▶ [Task to carry out]
Your answer should be the records again, unchanged in wording and free of images.

▶ [Listed records]
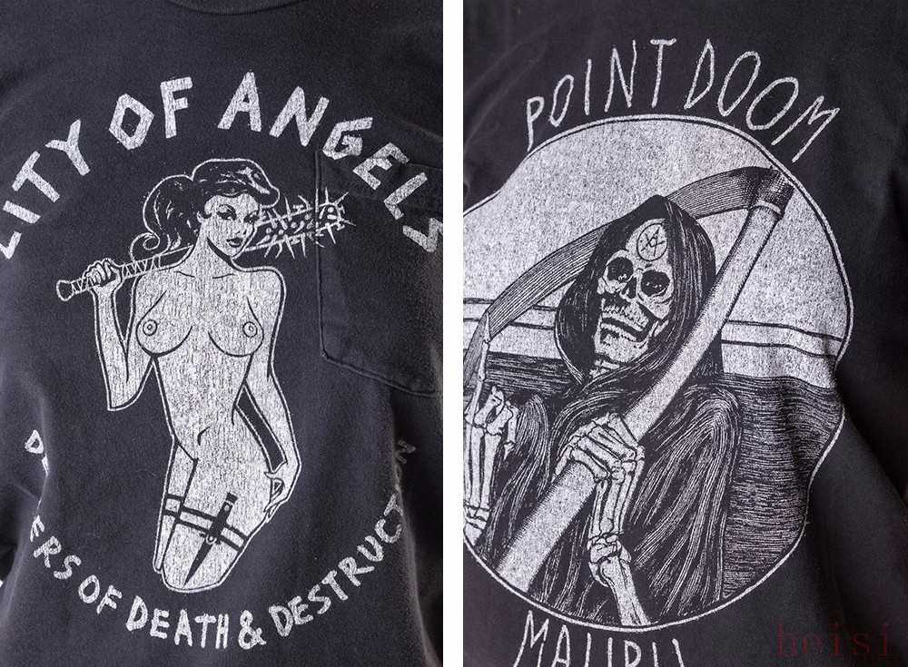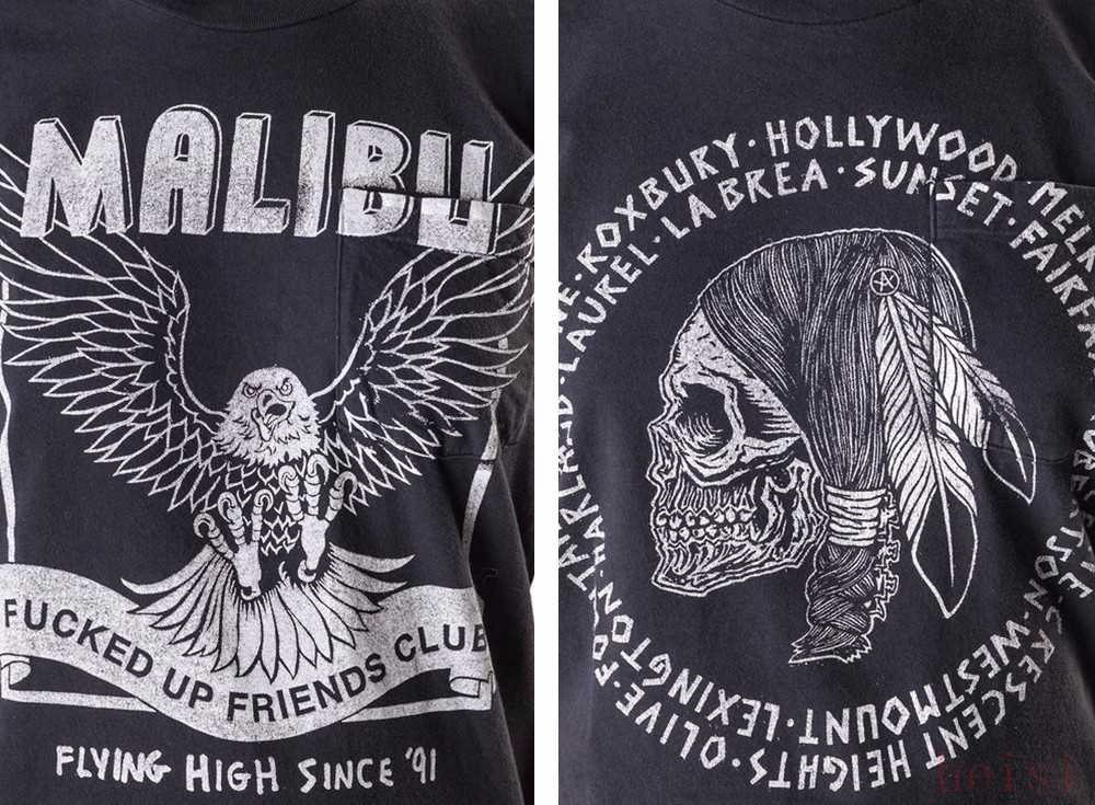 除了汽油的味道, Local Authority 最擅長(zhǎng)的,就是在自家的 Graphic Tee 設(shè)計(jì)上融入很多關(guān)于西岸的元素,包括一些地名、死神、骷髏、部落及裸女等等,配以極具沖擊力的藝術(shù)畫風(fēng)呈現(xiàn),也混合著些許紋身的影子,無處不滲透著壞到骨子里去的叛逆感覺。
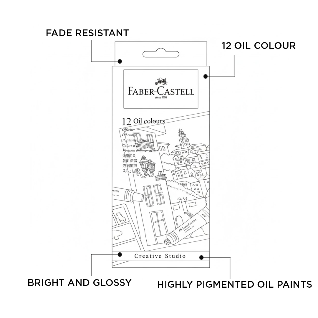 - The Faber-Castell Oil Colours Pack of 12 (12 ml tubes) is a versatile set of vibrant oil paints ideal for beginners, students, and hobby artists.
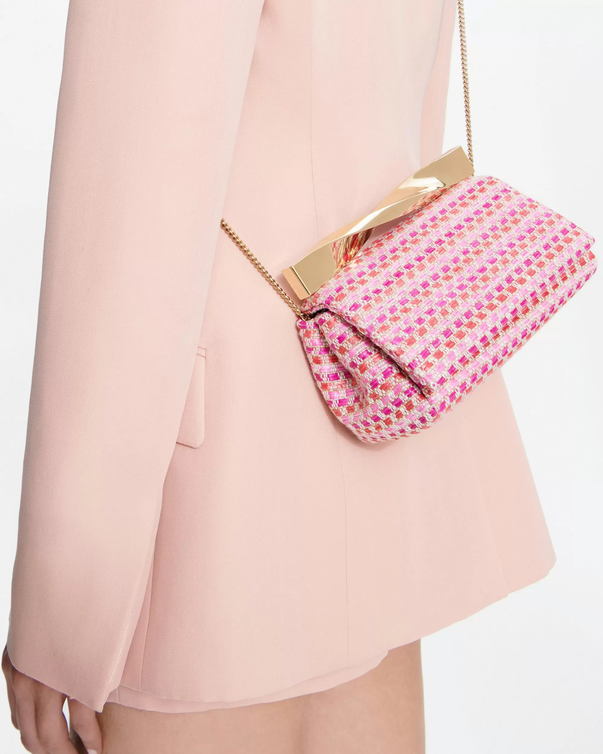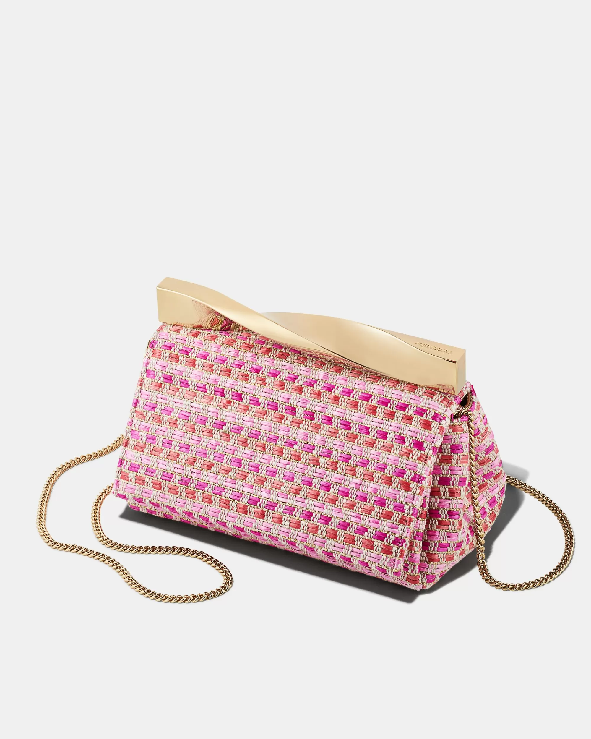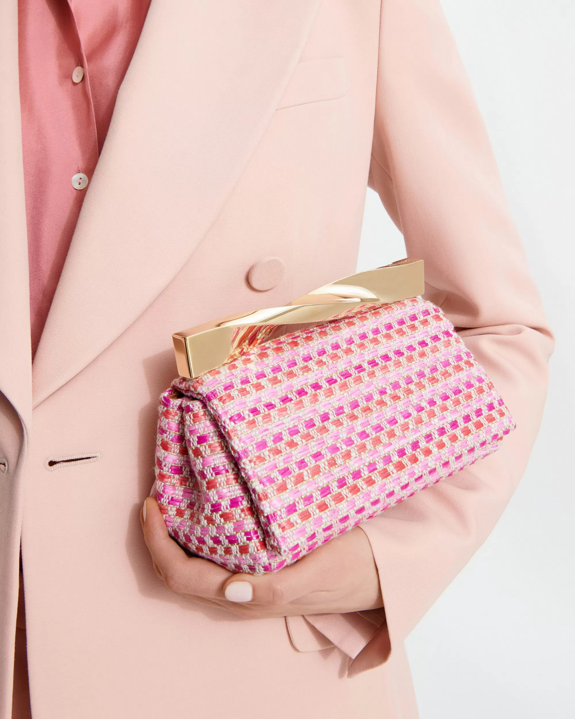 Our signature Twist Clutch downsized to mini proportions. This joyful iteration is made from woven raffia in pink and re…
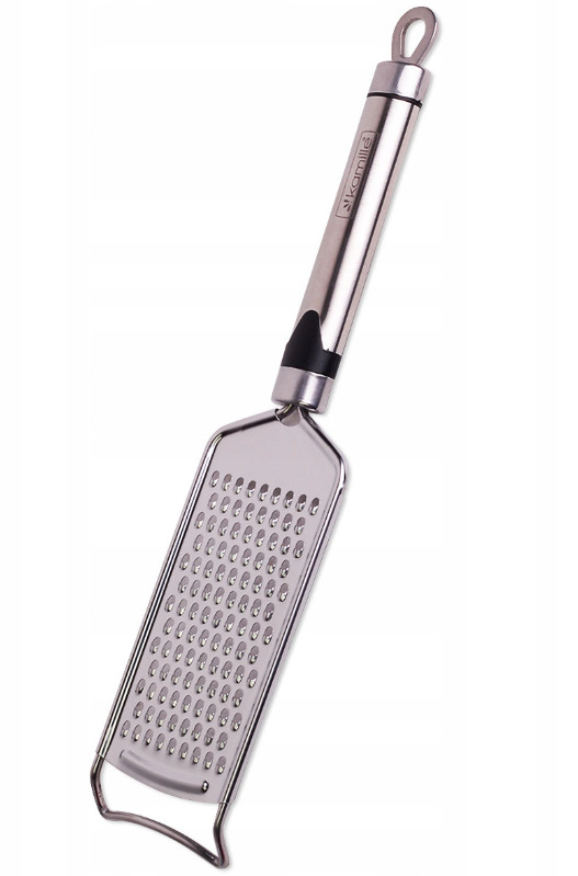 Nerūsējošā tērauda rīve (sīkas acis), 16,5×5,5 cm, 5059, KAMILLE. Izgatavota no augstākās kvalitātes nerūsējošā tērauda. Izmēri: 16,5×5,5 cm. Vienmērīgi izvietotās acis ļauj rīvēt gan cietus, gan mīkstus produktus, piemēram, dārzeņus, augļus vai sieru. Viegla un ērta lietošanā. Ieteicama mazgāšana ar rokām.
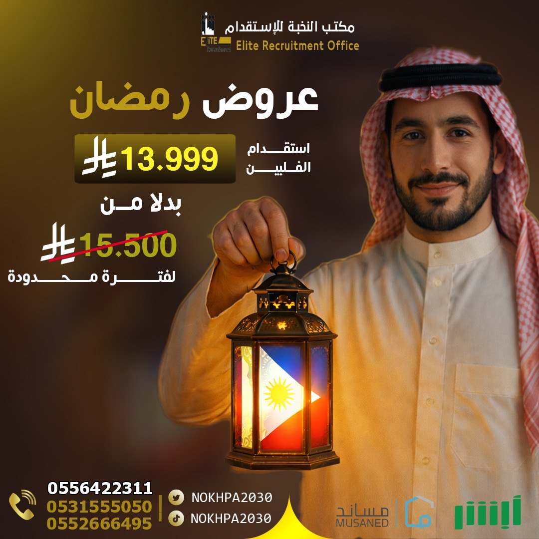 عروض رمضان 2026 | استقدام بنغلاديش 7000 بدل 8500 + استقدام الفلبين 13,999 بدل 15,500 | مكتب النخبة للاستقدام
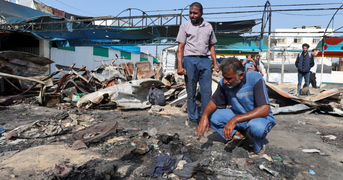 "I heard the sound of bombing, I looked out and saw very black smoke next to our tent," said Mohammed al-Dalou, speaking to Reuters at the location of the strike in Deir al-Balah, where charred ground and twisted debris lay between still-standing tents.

▶ [Reply]
 除了汽油的味道, Local Authority 最擅長(zhǎng)的,就是在自家的 Graphic Tee 設(shè)計(jì)上融入很多關(guān)于西岸的元素,包括一些地名、死神、骷髏、部落及裸女等等,配以極具沖擊力的藝術(shù)畫風(fēng)呈現(xiàn),也混合著些許紋身的影子,無處不滲透著壞到骨子里去的叛逆感覺。
 - The Faber-Castell Oil Colours Pack of 12 (12 ml tubes) is a versatile set of vibrant oil paints ideal for beginners, students, and hobby artists.
 Our signature Twist Clutch downsized to mini proportions. This joyful iteration is made from woven raffia in pink and re…
 Nerūsējošā tērauda rīve (sīkas acis), 16,5×5,5 cm, 5059, KAMILLE. Izgatavota no augstākās kvalitātes nerūsējošā tērauda. Izmēri: 16,5×5,5 cm. Vienmērīgi izvietotās acis ļauj rīvēt gan cietus, gan mīkstus produktus, piemēram, dārzeņus, augļus vai sieru. Viegla un ērta lietošanā. Ieteicama mazgāšana ar rokām.
 عروض رمضان 2026 | استقدام بنغلاديش 7000 بدل 8500 + استقدام الفلبين 13,999 بدل 15,500 | مكتب النخبة للاستقدام
 "I heard the sound of bombing, I looked out and saw very black smoke next to our tent," said Mohammed al-Dalou, speaking to Reuters at the location of the strike in Deir al-Balah, where charred ground and twisted debris lay between still-standing tents.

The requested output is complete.